Смерть ее не принесла бы мне облегчения, как легко поймет всякий здравомыслящий человек; ведь стервец Буллингдон (тем временем превратившийся в высокого, неуклюжего черномазого детину и грозивший стать истинным моим проклятием) должен был унаследовать все ее состояние до последнего пенни, и я сделался бы беднее, чем был, когда женился на вдове; ибо я истратил не только доходы леди Линдон, но и все мои личные сбережения на то, чтобы поддерживать образ жизни, подобающий нашему рангу, и как истый джентльмен по духу и крови и думать не думал о каких-либо сбережениях из доходов моей жены.

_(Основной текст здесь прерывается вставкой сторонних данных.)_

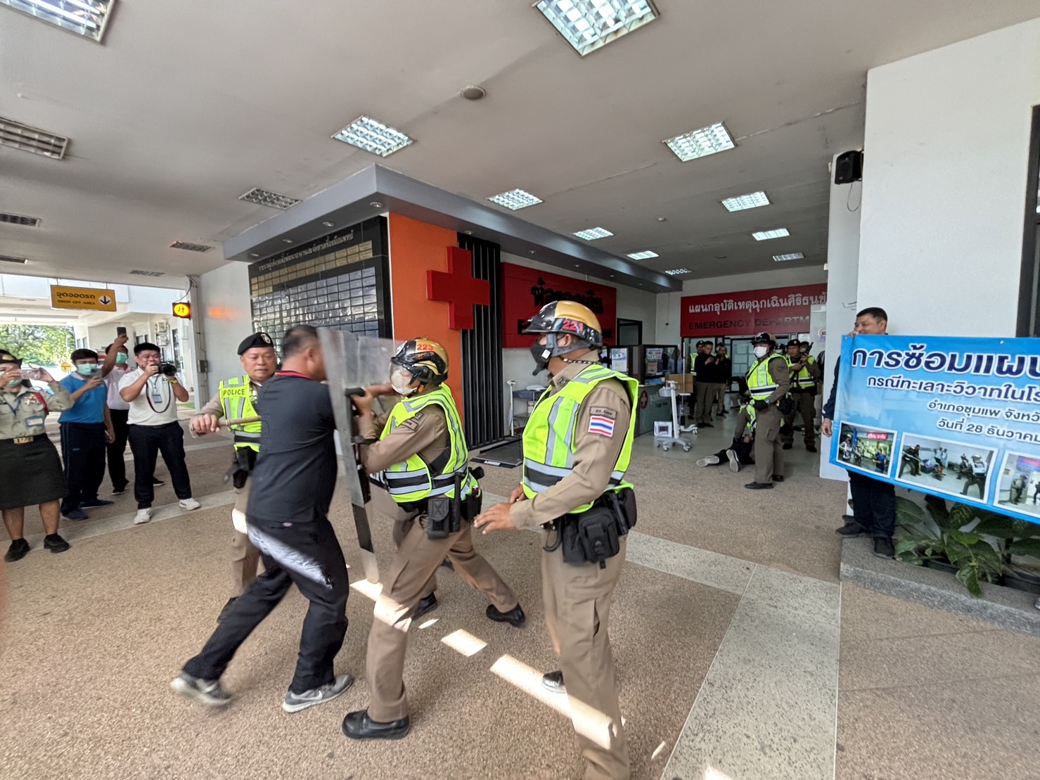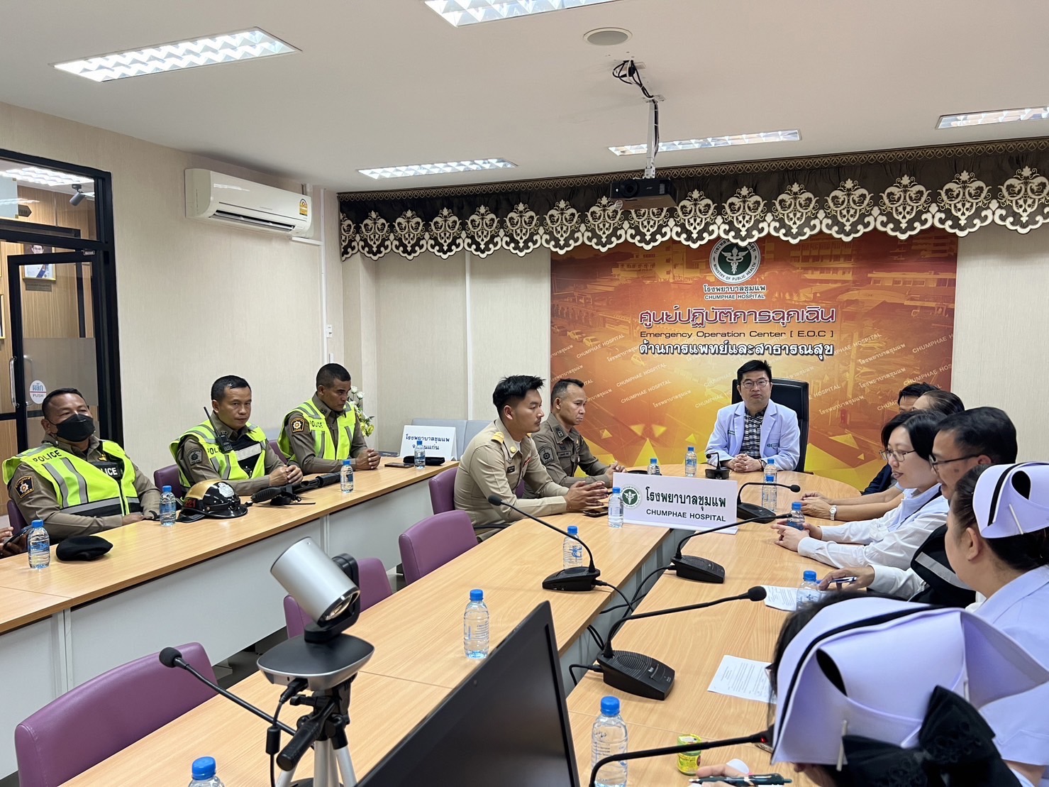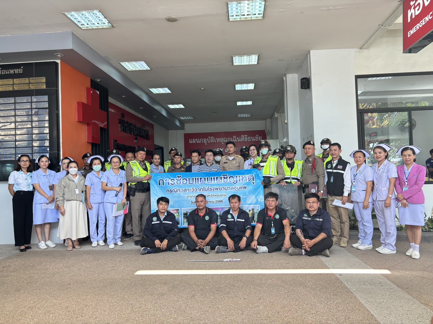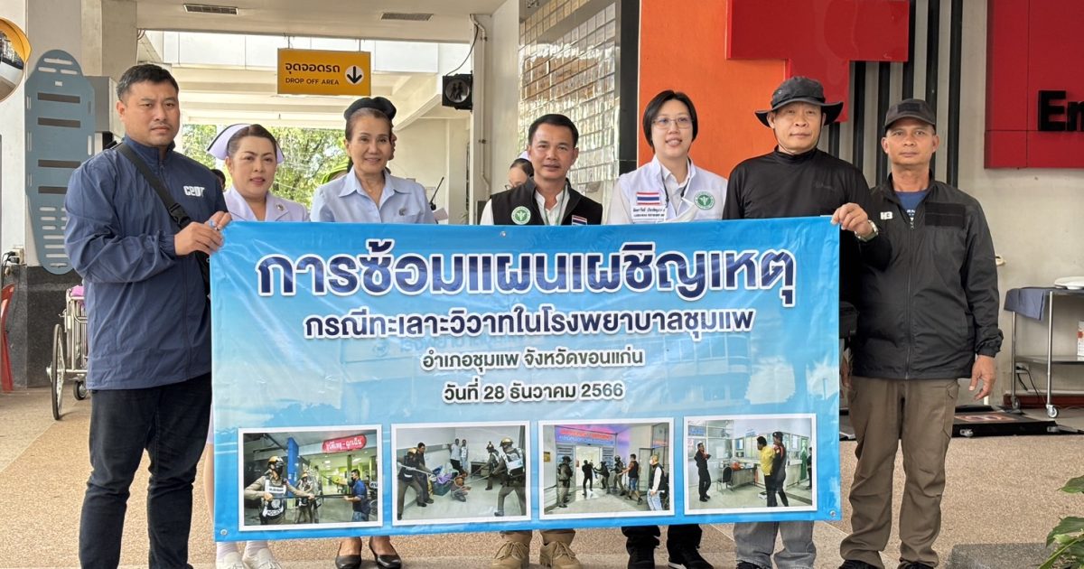 พ.ต.ท.บุญเหลือ คำศรี สวป.สภ.ชุมแพ พร้อมเจ้าหน้าที่ตำรวจ สภ.ชุมแพ ร่วมกับอำเภอชุมแพและโรงพยาบาลชุมแพ ซ้อมแผนเผชิญเหตุกรณีทะเลาะวิวาทในโรงพยาบาล เพื่อเตรียมความพร้อมให้กับเจ้าหน้าที่และสร้างแนวทางการจัดการเมื่อเกิดเหตุ

Да будет же сие ведомо моим хулителям, и пусть не говорят будто я пе мог бы промотать состояние леди Линдон, не заведись у меня потайной карман, и что даже и сейчас, пребывая в столь бедственном положении, я где-то храню груды золота и могу при желании явиться миру Крезом. Когда я закладывал имущество леди Линдон, я каждый полученный грош тратил как подобает джентльмену; мало того, я много денег задолжал частным лицам, и все это ухнуло в ту же прорву. Помимо долгов и просроченных закладных, я самому себе остался должен по меньшей мере сто двадцать тысяч фунтов, истраченных за то время, что я управлял имуществом моей жены; можно по справедливости сказать, что на ее имуществе лежит еще и долг мне на означенную сумму.

Я уже говорил здесь, какое отвращение и гадливость внушала мне леди Линдон, но хотя, как человек прямой и откровенный, я особенно не скрывал моих чувств, эта низкая женщина преследовала меня своей любовью, невзирая на всю мою холодность, и готова была растаять при первом моем ласковом слове. Все дело в том, уважаемый читатель, что, говоря между нами, я был одним из самых красивых и блестящих молодых людей в Англии той поры и жена любила меня без памяти; и хоть это могут счесть за нескромность, должен сказать, что леди Линдон была не единственной дамой из общества, благосклонно взиравшей на смиренного ирландского искателя приключений.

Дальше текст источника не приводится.